> [ABOUT THIS EXERCISE] Exclude the pictures. Transcribe exactly, and only, the lines from the one holding "ลูกกอล์ฟ Kasco HC-802" to the end of the material below.

> [EXCERPTED RECORDS]
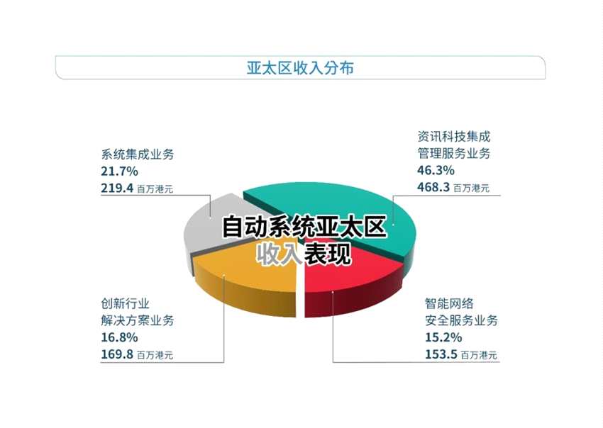據(jù)2020年中報顯示,自動系統(tǒng)亞太地區(qū)的業(yè)務(wù)主要由系統(tǒng)集成、創(chuàng)新行業(yè)解決方案、資訊科技集成管理服務(wù)、智能網(wǎng)絡(luò)安全服務(wù)四大部分組成,而后三者是公司亞太地區(qū)的主營業(yè)務(wù),收入合計占亞太地區(qū)總收入的比例高達(dá)近80%。
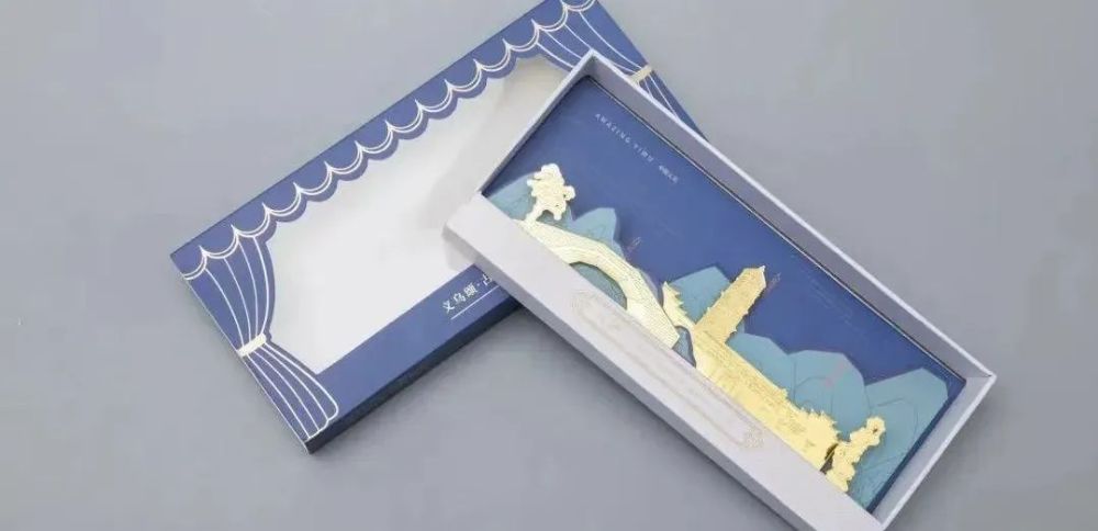 内含两盒书签,义乌古建筑书签是选取义乌三个国保单位黄山八面厅、古月桥、大安寺塔为主要元素,进行场景化设计。消费者既可以作为书签使用,也可以作为案头装饰摆放。红色义乌书签是围绕共产党宣言中文版首译地,提取当年出版封面版式的设计元素进行组合设计,讲述真理的故事。
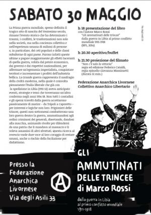- h 18 presentazione del libro con l’autore Marco Rossi, “Gli Ammutinati delle trincee” dalla guerra in Libia al primo conflitto mondiale 1911-1918 (BFS, 2014)
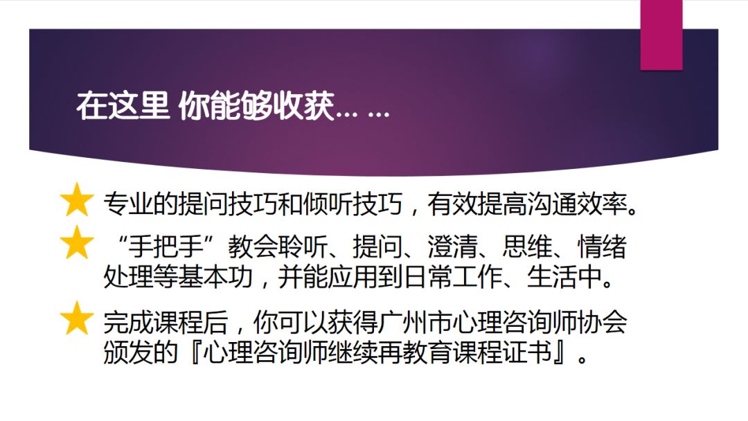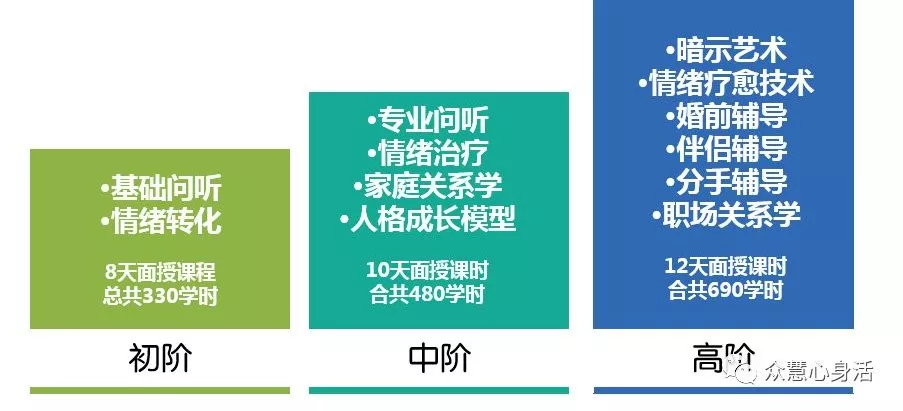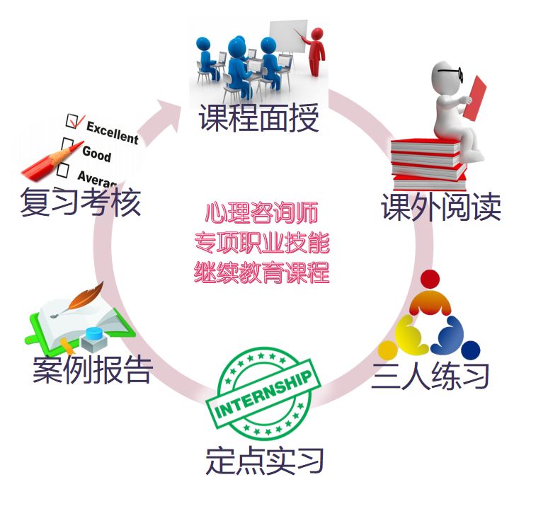 【继续教育课程系列——咨询技术整合实战课程】包括初中高三级,每个级别均包括课堂学习+考试、阅读和实践,理论+实操,帮助学员更好的掌握咨询技术。
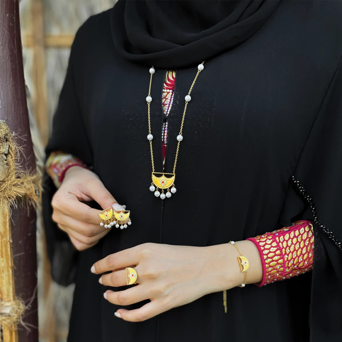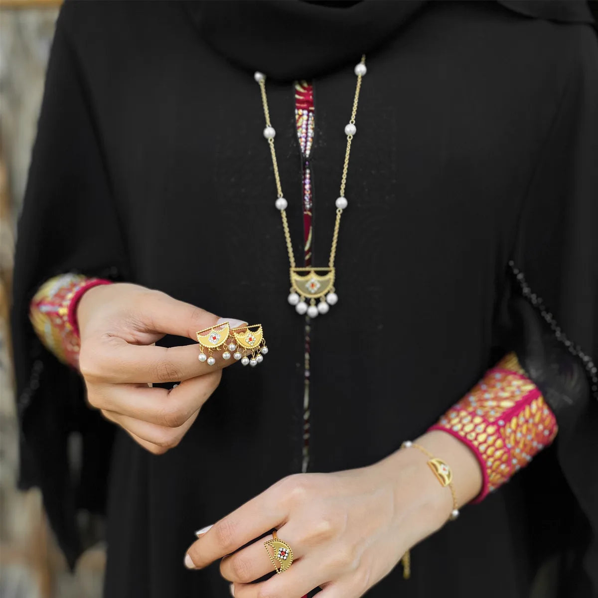 تجمع هذه المجموعة الماضي بالحاضر من خلال لآلئ متدلية برشاقة وكريستالات متلألئة مع أحجار مزدوجة الجوانب مستوحاة من رموز إماراتية أصيلة. تصميم خالد يحتفي بالتراث ويمنح إطلالتك لمسة من الرقي والتألق في كل مناسبة.
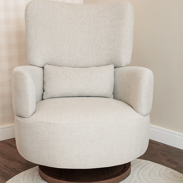 A Poltrona Bambolê conta com mecanismo de giro+balanço com um disco de madeira maciça, trazendo muito mais qualidade e durabilidade para a poltrona, que poderá ser usada em diversos ambientes após a amamentação!
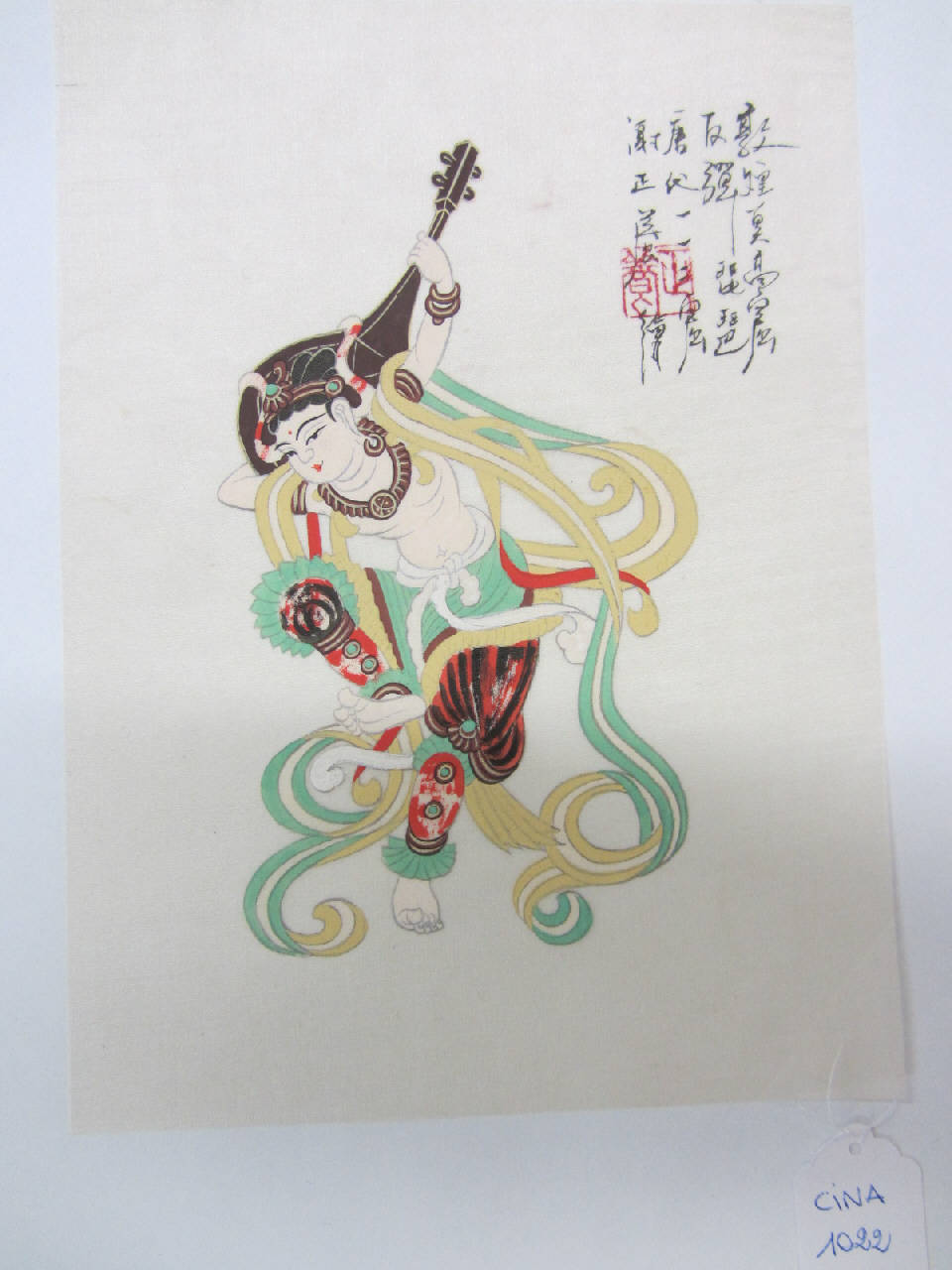 Dipinto raffigurante una "APSARAS", divinità femminile induista, danzatrice divina e ninfa del dio Judra, custode di Kama (dio dell'amore). E' raffigurata con ampio volo svolazzante e con uno strumento musicale (pi-pa).
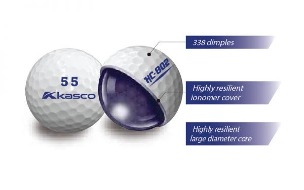 ลูกกอล์ฟ Kasco HC-802 HIGH COR SMALL GOLF BALL ลูกกอล์ฟขนาดที่เล็ก เพิ่มให้ระยะที่ไกลขึ้น เเน่่นอน ทำให้ออกจากหน้าไม้เร็วเเละไกล ดีไซน์ขนาดลูกที่เล็กกว่าปกติ
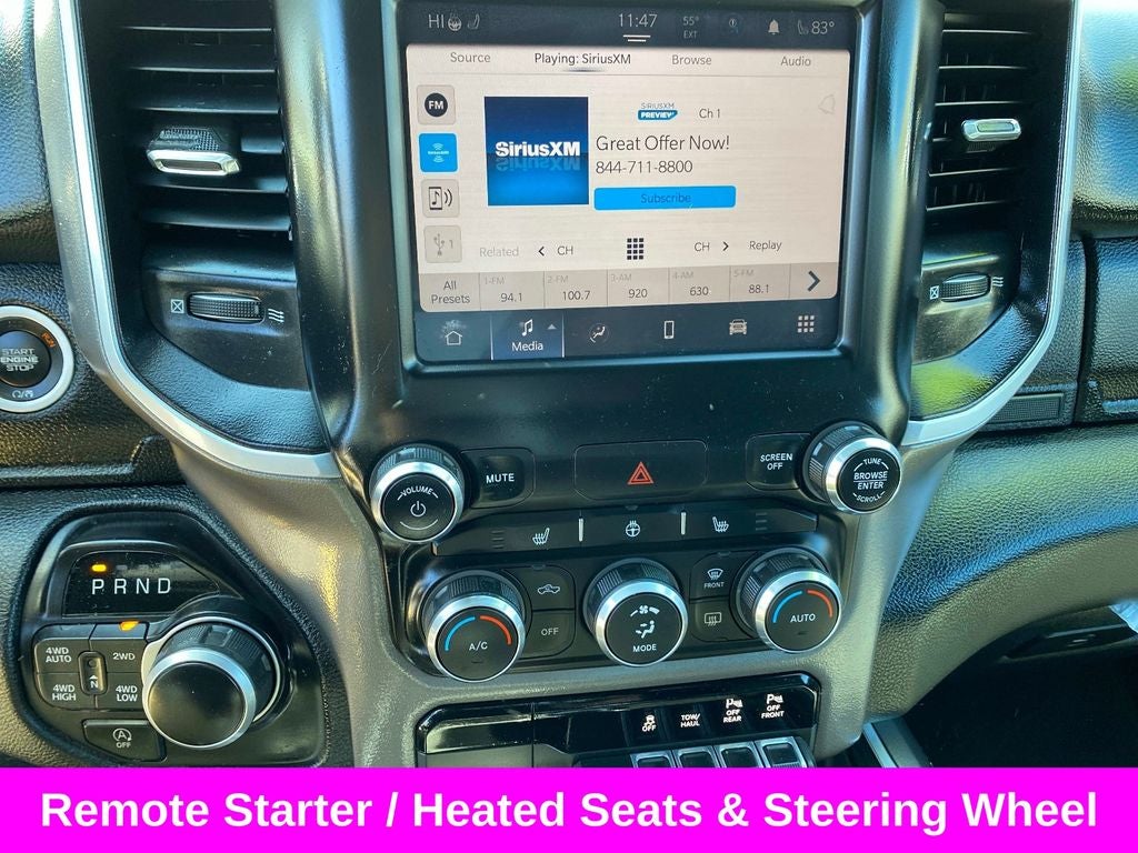 The interior of the Big Horn/Lone Star is designed with your comfort and convenience in mind. Enjoy the luxurious feel of the deluxe cloth bucket seats with power adjustability and lumbar support, as well as the intuitive Uconnect 5 infotainment system with an 8.4-inch touchscreen display. Stay connected with features like Bluetooth®, SiriusXM Satellite Radio, and a 4G LTE Wi-Fi hotspot.

> [SOLVED PROBLEM]
 ลูกกอล์ฟ Kasco HC-802 HIGH COR SMALL GOLF BALL ลูกกอล์ฟขนาดที่เล็ก เพิ่มให้ระยะที่ไกลขึ้น เเน่่นอน ทำให้ออกจากหน้าไม้เร็วเเละไกล ดีไซน์ขนาดลูกที่เล็กกว่าปกติ
 The interior of the Big Horn/Lone Star is designed with your comfort and convenience in mind. Enjoy the luxurious feel of the deluxe cloth bucket seats with power adjustability and lumbar support, as well as the intuitive Uconnect 5 infotainment system with an 8.4-inch touchscreen display. Stay connected with features like Bluetooth®, SiriusXM Satellite Radio, and a 4G LTE Wi-Fi hotspot.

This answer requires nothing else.